**Information:**
^^^^^^^^^^^^^^^^

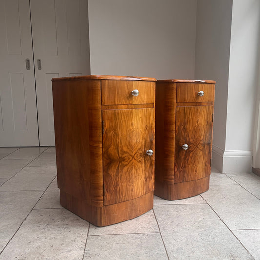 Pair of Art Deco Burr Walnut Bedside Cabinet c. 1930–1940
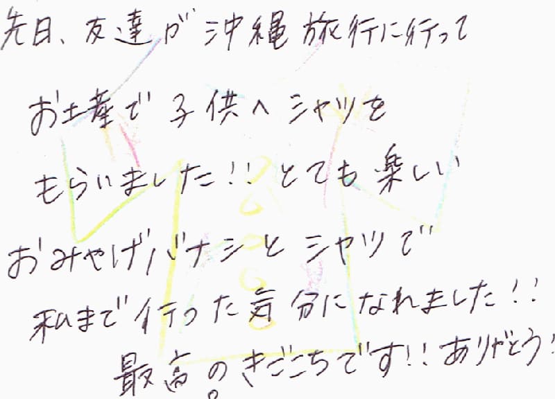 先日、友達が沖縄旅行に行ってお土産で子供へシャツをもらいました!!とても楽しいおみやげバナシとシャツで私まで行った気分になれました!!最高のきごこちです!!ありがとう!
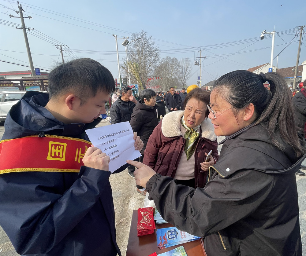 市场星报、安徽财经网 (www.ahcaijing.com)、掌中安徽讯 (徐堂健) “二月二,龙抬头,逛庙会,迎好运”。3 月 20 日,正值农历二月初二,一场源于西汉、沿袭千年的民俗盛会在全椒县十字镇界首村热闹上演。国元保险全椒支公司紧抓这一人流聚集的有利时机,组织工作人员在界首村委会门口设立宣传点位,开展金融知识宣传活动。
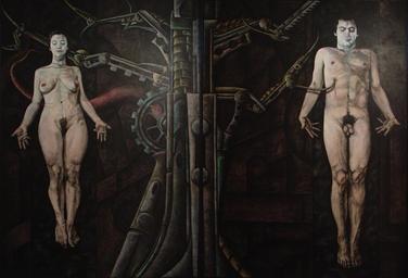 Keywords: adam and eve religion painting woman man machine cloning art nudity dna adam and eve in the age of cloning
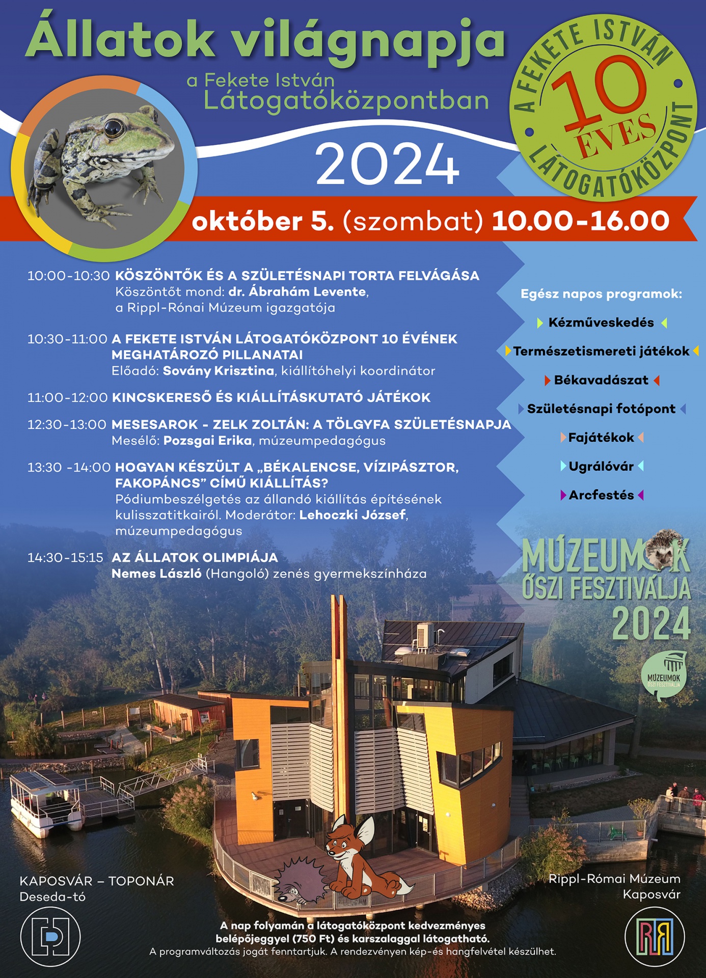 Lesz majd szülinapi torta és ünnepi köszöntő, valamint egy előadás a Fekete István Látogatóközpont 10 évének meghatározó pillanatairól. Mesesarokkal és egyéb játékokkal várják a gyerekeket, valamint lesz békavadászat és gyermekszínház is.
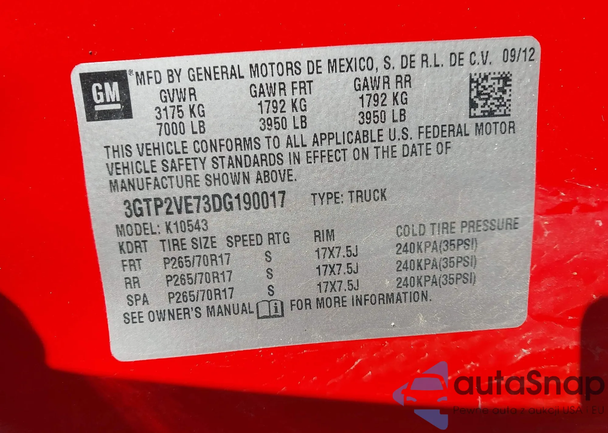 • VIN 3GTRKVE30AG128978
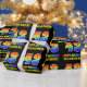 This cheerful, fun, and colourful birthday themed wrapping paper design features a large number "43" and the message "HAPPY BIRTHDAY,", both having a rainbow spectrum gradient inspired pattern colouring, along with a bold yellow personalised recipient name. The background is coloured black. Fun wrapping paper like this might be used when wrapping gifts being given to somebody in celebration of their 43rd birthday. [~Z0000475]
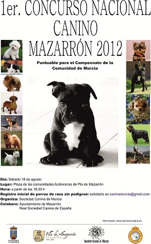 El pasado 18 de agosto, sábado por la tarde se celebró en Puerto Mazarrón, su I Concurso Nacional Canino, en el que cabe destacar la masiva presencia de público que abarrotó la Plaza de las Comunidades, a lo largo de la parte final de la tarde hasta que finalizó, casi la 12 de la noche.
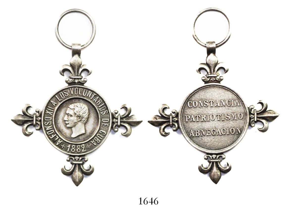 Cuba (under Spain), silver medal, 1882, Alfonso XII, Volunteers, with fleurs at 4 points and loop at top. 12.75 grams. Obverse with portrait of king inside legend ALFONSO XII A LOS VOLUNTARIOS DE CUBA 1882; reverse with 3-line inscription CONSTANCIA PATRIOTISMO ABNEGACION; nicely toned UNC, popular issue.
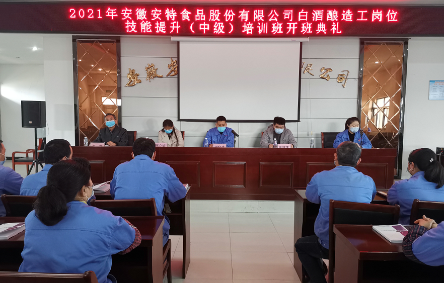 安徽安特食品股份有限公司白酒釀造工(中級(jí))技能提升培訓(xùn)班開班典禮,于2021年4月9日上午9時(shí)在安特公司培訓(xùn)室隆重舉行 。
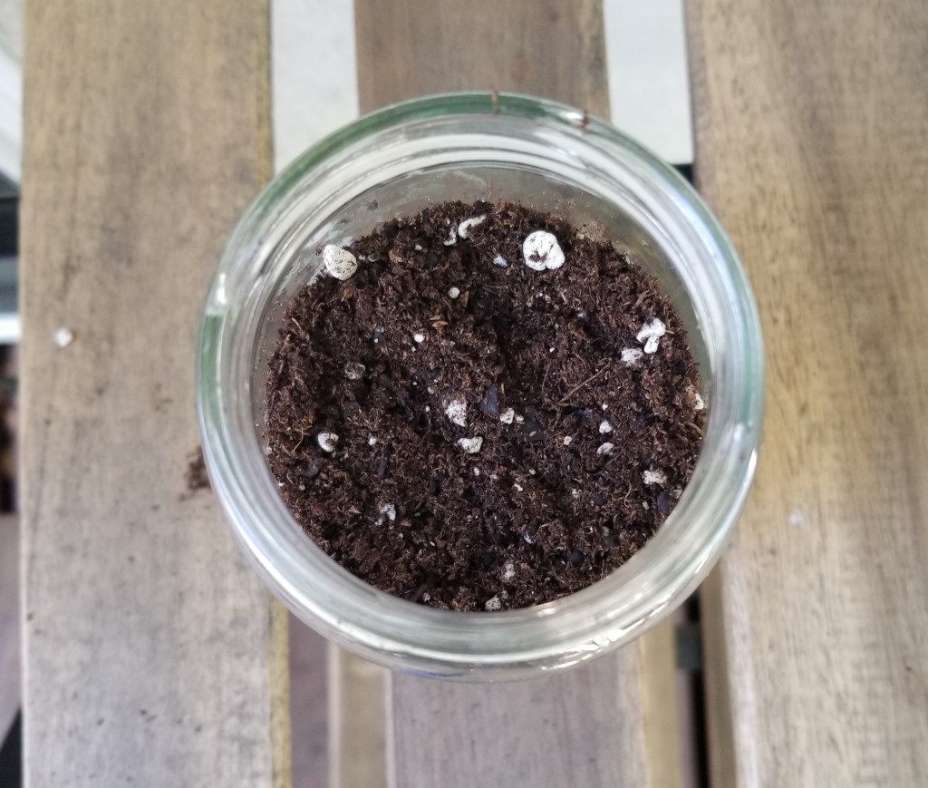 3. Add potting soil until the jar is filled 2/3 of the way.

^^^^^^^^^^^^^^^^

**What the task asks:** Beginning with the line containing "Cuba (under Spain), silver" and ending with the last line of the listing above, output those lines exactly as written, without pictures.

**Answer to this exercise:**
 Cuba (under Spain), silver medal, 1882, Alfonso XII, Volunteers, with fleurs at 4 points and loop at top. 12.75 grams. Obverse with portrait of king inside legend ALFONSO XII A LOS VOLUNTARIOS DE CUBA 1882; reverse with 3-line inscription CONSTANCIA PATRIOTISMO ABNEGACION; nicely toned UNC, popular issue.
 安徽安特食品股份有限公司白酒釀造工(中級(jí))技能提升培訓(xùn)班開班典禮,于2021年4月9日上午9時(shí)在安特公司培訓(xùn)室隆重舉行 。
 3. Add potting soil until the jar is filled 2/3 of the way.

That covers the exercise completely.